* _ASSIGNMENT_
Transcribe the whole listing without a single picture.

* _DATASET EXCERPTS_
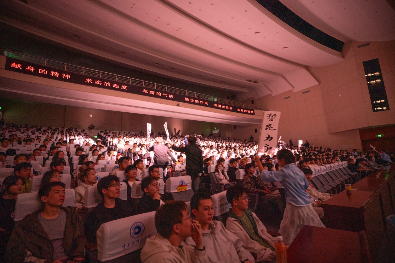 演出现场座无虚席,舞台上同学们用细腻的台词,丰沛的情绪将人物演绎得入木三分,同学们在舞台上的呐喊亦是哈理工人的铮铮誓言:“我们这些后来者一定要让为我们伟大祖国的建设和发展洒尽心血、用尽气力的科学家们,和那些分布在祖国各个角落默默无闻的科研工作者们看到永恒不灭的希望!看到永恒不灭的光!”话剧落幕,全场掌声雷动,热泪盈眶。
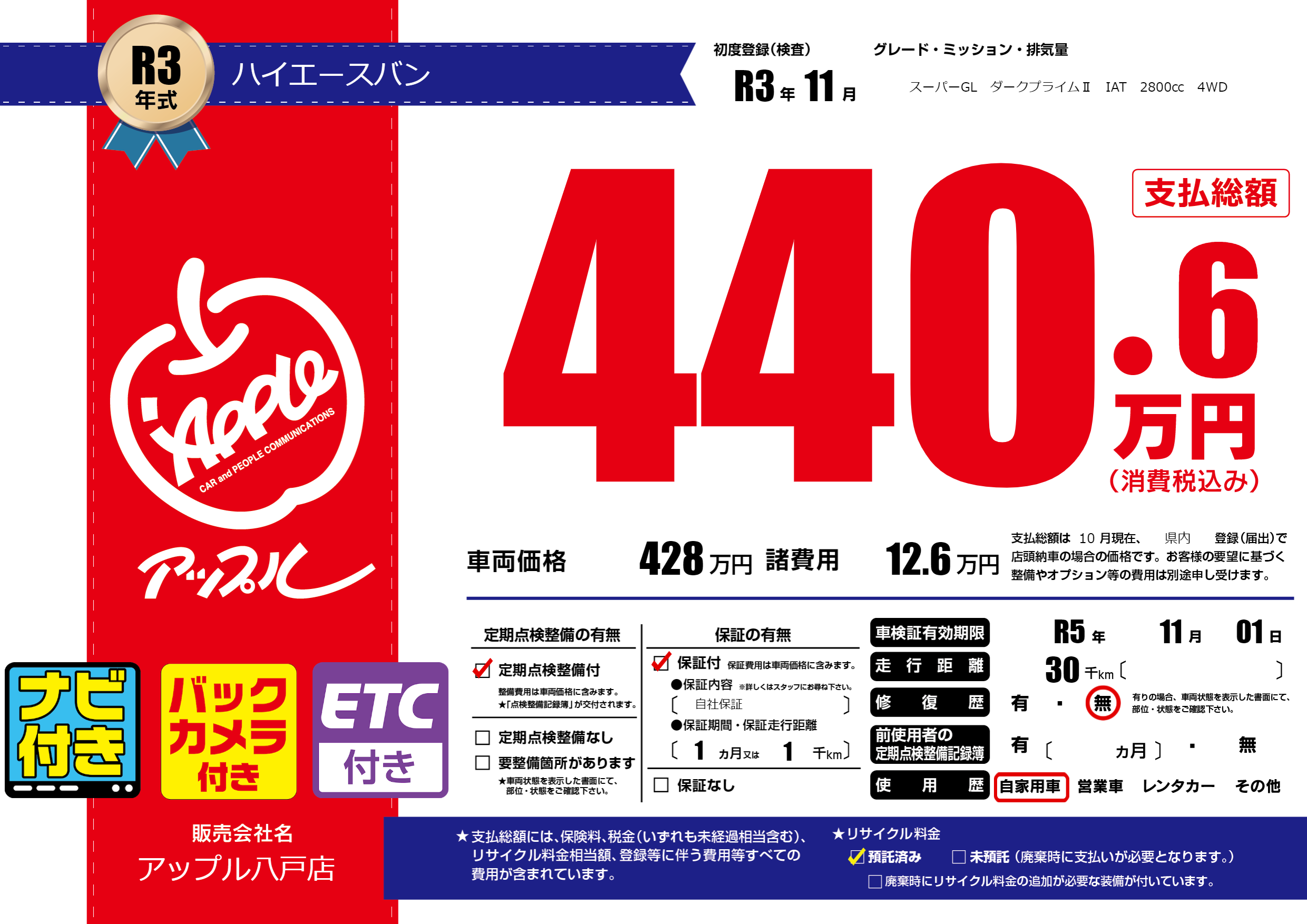 なし | 車検制限 | R5年11月01月 |
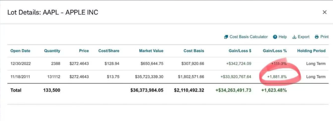 而更早一笔购入是在2011年11月,当年正是苹果进入“库克时代”的转折年。2011年8月乔布斯辞去苹果CEO,一个多月后去世,市场对苹果未来充满不确定性,股价不断下跌,最低点跌至12.6美元/股(后复权)。有网友对此评价称,“在市场对库克能否带领苹果再上台阶充满怀疑的11月买入苹果股票,也是需要很大的勇气。”
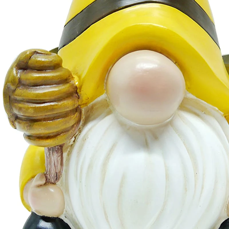 Wow your family and friends with our charming resin bee garden gnome with striped yellow and black hat and honey dipper. He looks like he came straight out of a children�s fairytale! The colorful detailing of this resin figurine draws you in, and it�ll be a welcome addition to your prolific garden for years to come.
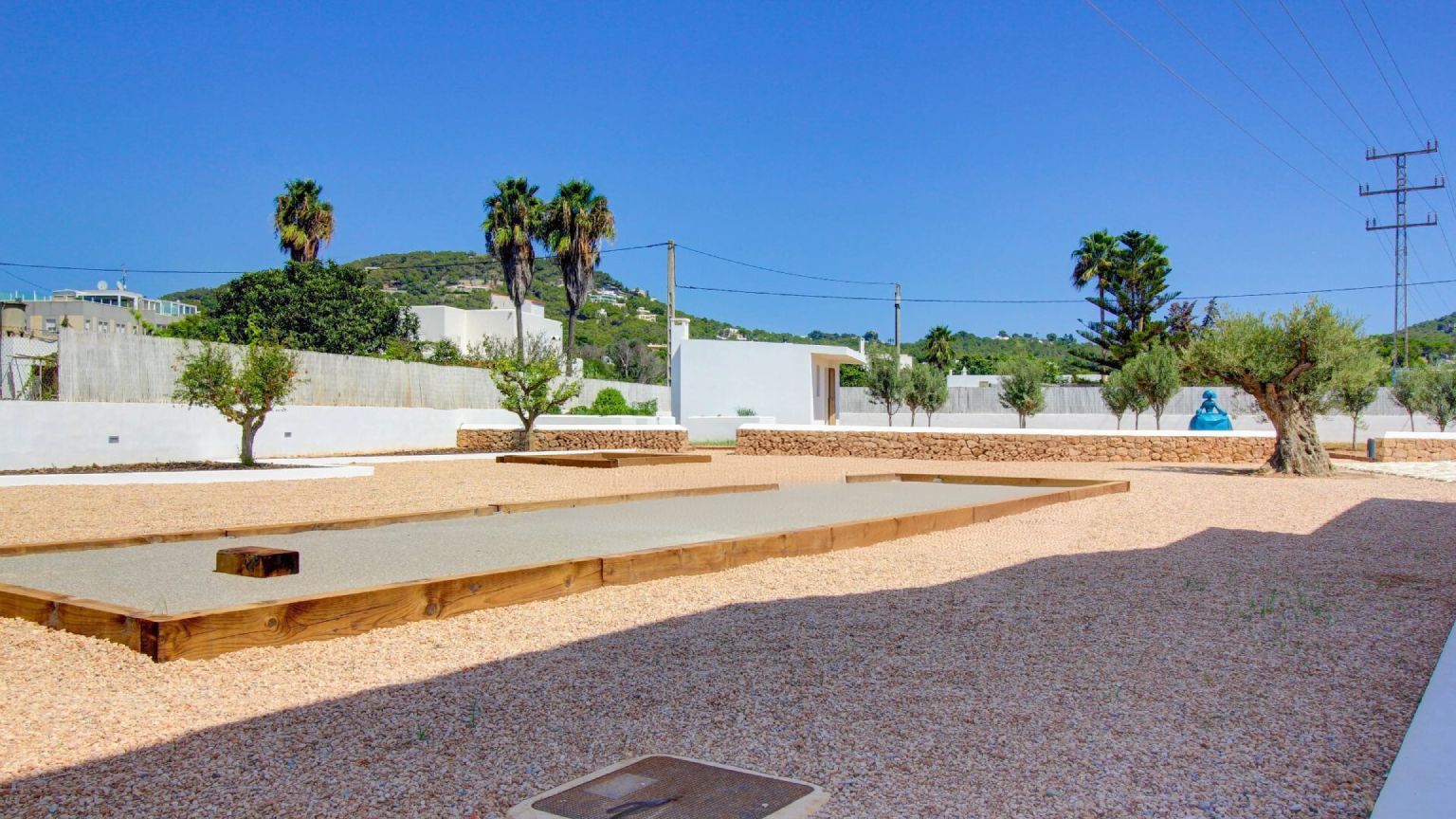Uno de los elementos clave del proyecto fue la incorporación de una pista de petanca, perfectamente integrada en el terreno. Este espacio no solo aporta una opción recreativa, sino que también añade un toque tradicional, invitando a disfrutar de momentos de relajación al aire libre.
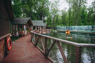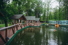 Он расположен вокруг специального пруда, в котором водятся отборные карпы.
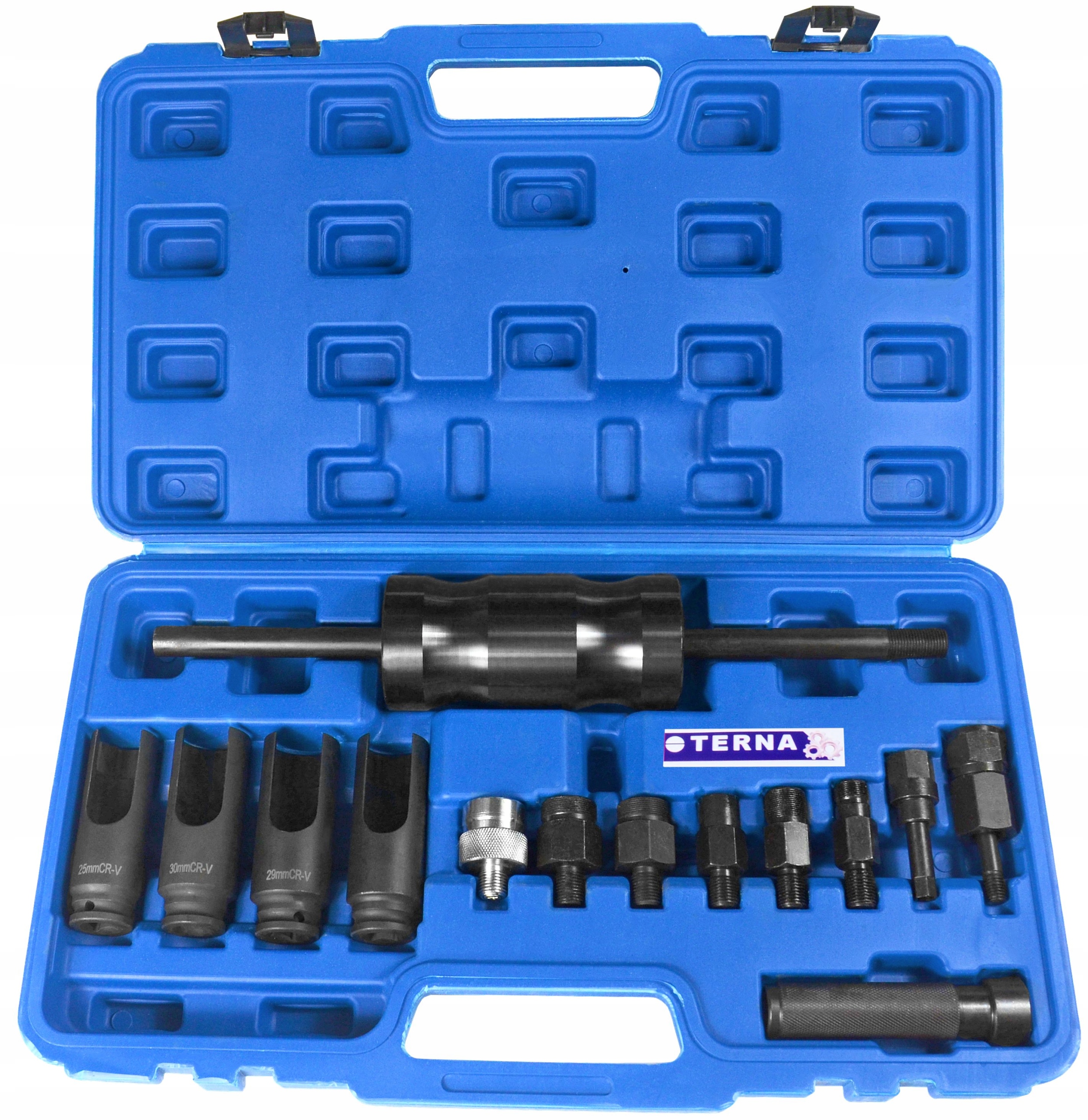 Дозволяє легко та швидко зняти застряглі форсунки з головки блоку циліндрів. У набір входять необхідні ключі, які використовуються з адаптерами.

* _EXERCISE SOLUTION_
 演出现场座无虚席,舞台上同学们用细腻的台词,丰沛的情绪将人物演绎得入木三分,同学们在舞台上的呐喊亦是哈理工人的铮铮誓言:“我们这些后来者一定要让为我们伟大祖国的建设和发展洒尽心血、用尽气力的科学家们,和那些分布在祖国各个角落默默无闻的科研工作者们看到永恒不灭的希望!看到永恒不灭的光!”话剧落幕,全场掌声雷动,热泪盈眶。
 なし | 車検制限 | R5年11月01月 |
 而更早一笔购入是在2011年11月,当年正是苹果进入“库克时代”的转折年。2011年8月乔布斯辞去苹果CEO,一个多月后去世,市场对苹果未来充满不确定性,股价不断下跌,最低点跌至12.6美元/股(后复权)。有网友对此评价称,“在市场对库克能否带领苹果再上台阶充满怀疑的11月买入苹果股票,也是需要很大的勇气。”
 Wow your family and friends with our charming resin bee garden gnome with striped yellow and black hat and honey dipper. He looks like he came straight out of a children�s fairytale! The colorful detailing of this resin figurine draws you in, and it�ll be a welcome addition to your prolific garden for years to come.
Uno de los elementos clave del proyecto fue la incorporación de una pista de petanca, perfectamente integrada en el terreno. Este espacio no solo aporta una opción recreativa, sino que también añade un toque tradicional, invitando a disfrutar de momentos de relajación al aire libre.
 Он расположен вокруг специального пруда, в котором водятся отборные карпы.
 Дозволяє легко та швидко зняти застряглі форсунки з головки блоку циліндрів. У набір входять необхідні ключі, які використовуються з адаптерами.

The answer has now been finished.